A 46-year-old man consulted his doctor due to symptoms of depression. He did not suffer from any allergy but drinking red wine caused vasomotor rhinitis. Antidepressive treatment with fluoxetine 20 mg daily was initiated which was successful. After three weeks of treatment an itching rash appeared. An adverse drug reaction (ADR) induced by fluoxetine was suspected and fluoxetine treatment was discontinued. The symptoms disappeared with clemastine and betametasone treatment. Since the depressive symptoms returned sertraline medication was initiated. After approximately two weeks of sertraline treatment he noted an intense itching sensation in his scalp after eating a piece of chocolate cake. The itch spread to the arms, abdomen and legs and the patient treated himself with clemastine and the itch disappeared. He now realised that he had eaten a chocolate cake before this episode and remembered that before the first episode he had had a chocolate mousse dessert. He had never had any reaction from eating chocolate before and therefore reported this observation to his doctor.

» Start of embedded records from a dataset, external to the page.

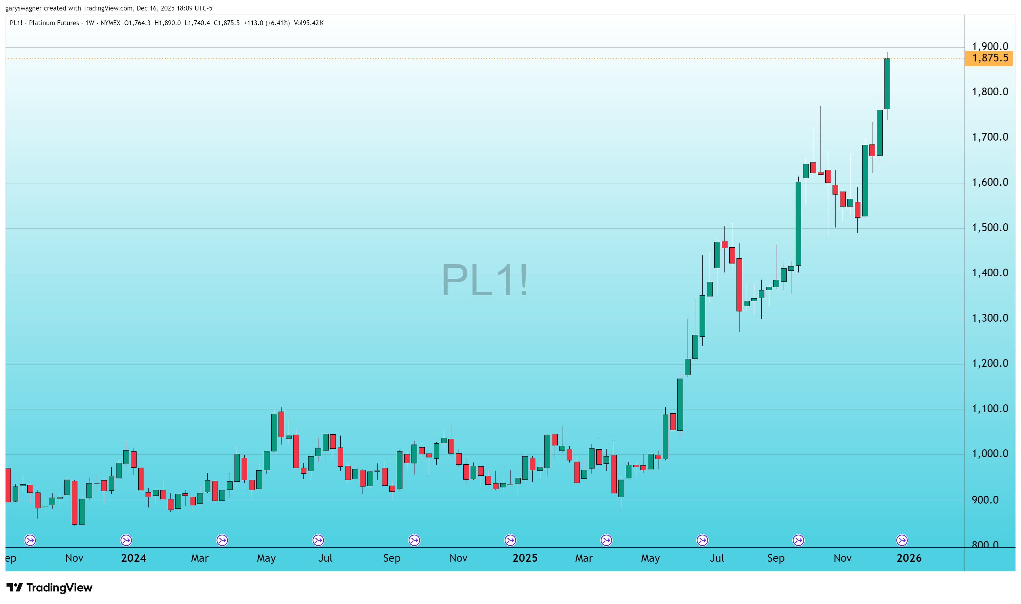 Platinum futures surged 3.22%, gaining $58.40 to trade at $1,874.30 per ounce. The industrial metal has broken out from its recent consolidation pattern, rallying sharply from the $1,500-$1,700 range that dominated trading through much of the fall. The move higher reflects both safe-haven demand and growing optimism about industrial demand, particularly from the automotive and chemical sectors.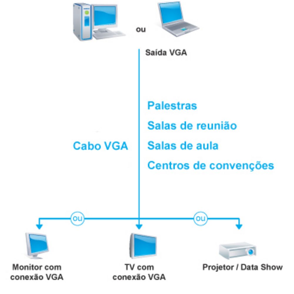 - Conecta desktops e notebooks a monitores LCD, projetores Data-Show, TV LCD, TV de Plasma entre outros aparelhos com conexão VGA.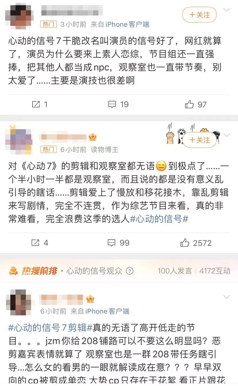 第四期上線後,#心動的信號7剪輯#登上微博熱搜,相關話題下,吐槽剪輯混亂、移花接木、輕重內容呈現不當、時間線混亂等評論幾乎充斥着整個話題。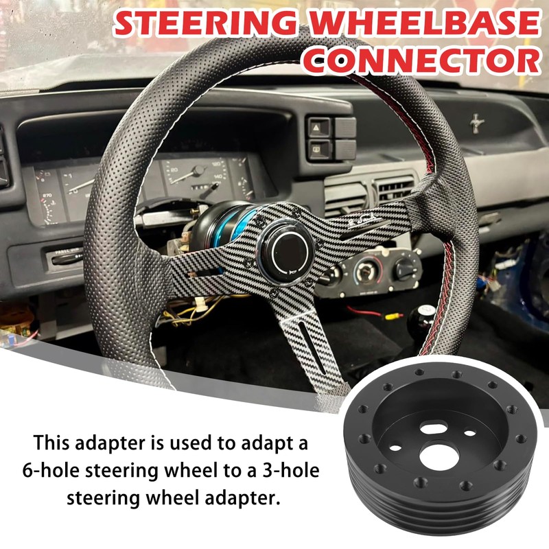 • CONVERSION AND RAISING: This steering wheel adapter fits a 6-hole wheel onto a 3-hole adapter. It also adds 1 inch to the height of the steering wheel, which allows for a more ergonomic driving position, making the driver more comfortable on the drive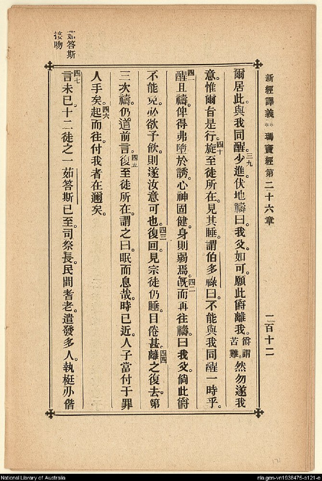 1907年新約四福音(新經譯義) 馬太福音 26 章 38 節到 26 章 47 節

This case report suggests that there may be individuals that are very sensitive to increases in serotonin concentrations. Dermal side reactions to SSRI-drugs in these patients may be due to high activity in the serotonergic system at the dermal and epidermo-dermal junctional area rather than a hypersensitivity to the drug molecule itself.

Peer Review reports


The skin contains a system for producing serotonin as well as serotonin receptors. Serotonin can also cause pruritus when injected into the skin. SSRI-drugs increase serotonin concentrations and are known to have pruritus and other dermal side effects e. g. exanthema, purpura, urticaria and pruritus [1]. In contrast, SSRI-medication has also been used to treat pruritus associated with cholestasis [2] and polycythemia vera [3]. In this report we describe a patient who developed pruritus and skin rash from chocolate, but only when he was under SSRI-treatment. The case is presented and we provide a putative biological rationale for the described phenomenon.

Case presentation

A 46-year-old man consulted his doctor in September 2003 due to depression. He had then experienced symptoms for a few years that had aggravated during the last six to eight months. Using the Montgomery-Åsberg Depression Rate Scale (MADRS) the patient scored 24 points and was diagnosed as having a clinical depression. He did not take any medication and had no regular medical contact. The patient did not have any history of allergy or dermatological diseases. However, he sometimes suffered from vasomotor rhinitis after drinking red wine. The doctor prescribed fluoxetine 20 mg daily as antidepressive treatment. At the revisit three weeks later the patient was very pleased with the fluoxetine treatment and reported that he "had not felt better in 20 years" although he initially had experienced slight nausea and insomnia.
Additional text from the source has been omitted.